Some reshuffling aside, the top 10 firms in this year’s ranking remained largely the same as last year. Two exceptions were Cerberus and PIMCO, which slipped to 12 and 34, respectively, while top 10 regulars Rockpoint and BentallGreenOak returned to the fold. In fact, Blackstone, Brookfield Asset Management, Starwood Capital Group, GLP and Lone Star Funds have all been top 10 mainstays for at least the past five years.

The top 10 firms together have raised $196.3 billion of discretionary equity over the past five years, or nearly 40 percent of the aggregate $494.5 billion amassed by all 100 managers.

Since the global financial crisis, “there has been a general well-known trend by some of the large investors to ‘do more with fewer,’ which has fueled the fundraising volume of the largest firms,” explains Walter Stackler, managing partner at New York-based capital advisory firm Shelter Rock Capital Group.

Big and global managers are often seen as a “one-stop solution for capital sources,” agrees Stephen Tross, chief investment officer of international investments at Dutch pension fund manager Bouwinvest Real Estate Investors.

2. Rising totals

This year’s five-year total was higher for 75 out of 100 firms. Top-ranking Blackstone, for example, saw its five-year tally rise from $55.2 billion in 2019 to $64.9 billion this year. Stackler notes there are two key reasons for rising fundraising numbers over the past half-decade: “One: denominators across the board were growing, which led to more allocation to the sector; two: performance across the board was favorable for many of these managers. Existing GP relationships were the prime beneficiary.”

3. Geographic diversification

Among the top half of the PERE 100, 37 firms targeted multiple regions. However, the bottom half was the reverse, with about the same number focused on only one region. For Tross, a manager’s geographic diversification is critical in helping mitigate investment risk. While such diversification does not help during global crises like covid-19, it can make a difference with geopolitical events. With Brexit, for example, “if you’re only in the UK, then you’re much more vulnerable than when you’re more spread around the globe,” he says.

4. Sector diversification

The PERE 100 also were diversified in terms of real estate strategies, with only 13 sector specialists on the roster.

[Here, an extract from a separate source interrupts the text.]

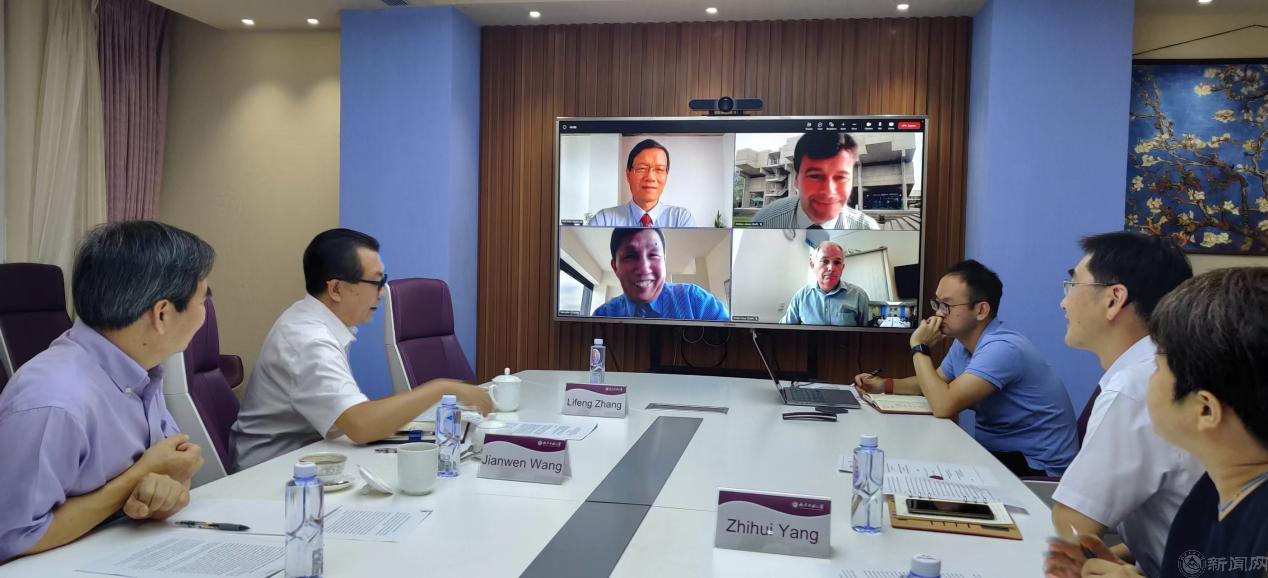 8月19日,学校党委副书记、校长张立峰与伦敦布鲁内尔大学校长Andrew Jones教授举行视频会议,双方就进一步深化两校中外合作办学合作、拓展人才培养专业、探讨研究生层次教育合作,以及建立联合创新研究中心等议题进行深入交流,并就新学期伦敦布鲁内尔学院教学运行与对方交换了意见。伦敦布鲁内尔大学主管国际教育副校长Treovor Hoey教授,副校长Hua Zhao教授,Beat365官方网站党委常委、副校长王建稳教授,以及伦敦布鲁内尔学院班子成员参加会议。

For Tross, sector diversification also helps to reduce investment risk. “It helps if you are in multiple sectors,” he says. “For instance, if you are a global hotel chain, you are very hard hit by the covid-19 virus, whereas if you had hotels, but also logistics, logistics is still having some solid fundamentals. The more diversified, the more your income stream is secured.”

5. Dominance of North America

Of the 100 firms, 73 are based in the US and Canada, while 17 are based in Europe and 10 are headquartered in Asia. Citing his firm’s informal tracking of investor capital flows, Stackler notes that typically, two-thirds of the capital for real estate funds has come from North America: “It makes sense that North American managers have corralled more capital, particularly if they are US dollar denominated vehicles with a majority of investments in the region.”

6. The new entries

A total of 18 firms debuted in this year’s ranking, with Oak Street Real Estate Capital clinching the highest entry at 20, having raised $6.56 billion of capital over the past five years. Madison International Realty had the second-highest premiere at 29, with $4.95 billion collected during the period.

7. The dropouts

All 18 leavers ranked in the bottom 50 of the 2019 list, of which the highest-ranking was Fir Tree Partners at 60. The firm, however, fell the furthest among this year’s dropouts, plunging 92 spots to 152. Fir Tree, along with Hammes Partners and Hermes Real Estate, saw its 2020 five-year fundraising tally drop to $0.

8. Biggest fallers

Meyer Bergman was the biggest faller on the PERE 100, plummeting 45 spots from 38 to 83, on the back of a $2 billion reduction in its five-year tally. Kildare Partners tumbled 33 places from 34 to 67, while both PIMCO and Apollo Global Management slid 26 spots, the former from 8 to 34 and the latter from 66 to 92. Northwood Investors declined 25 places from 63 to 88.

9. Highest risers

While some managers dropped significantly, the top 10 highest risers surged even more. Goodman Group distinguished itself as the top riser, soaring 74 places from 124 to 50, while Pennybacker Capital was the second-highest riser, jumping 52 spots from 120 to 68. Interestingly, only four of the 10 were on the PERE 100 last year: Spear Street, Keppel Capital, KKR and KSL.

10. Few young firms

The PERE 100 is by and large a group of older, more established firms, with only five managers launched less than a decade ago. Three new entrants this year were founded between 2015 and 2017: Ardian Real Estate, Bain Capital Real Estate and Asana Partners.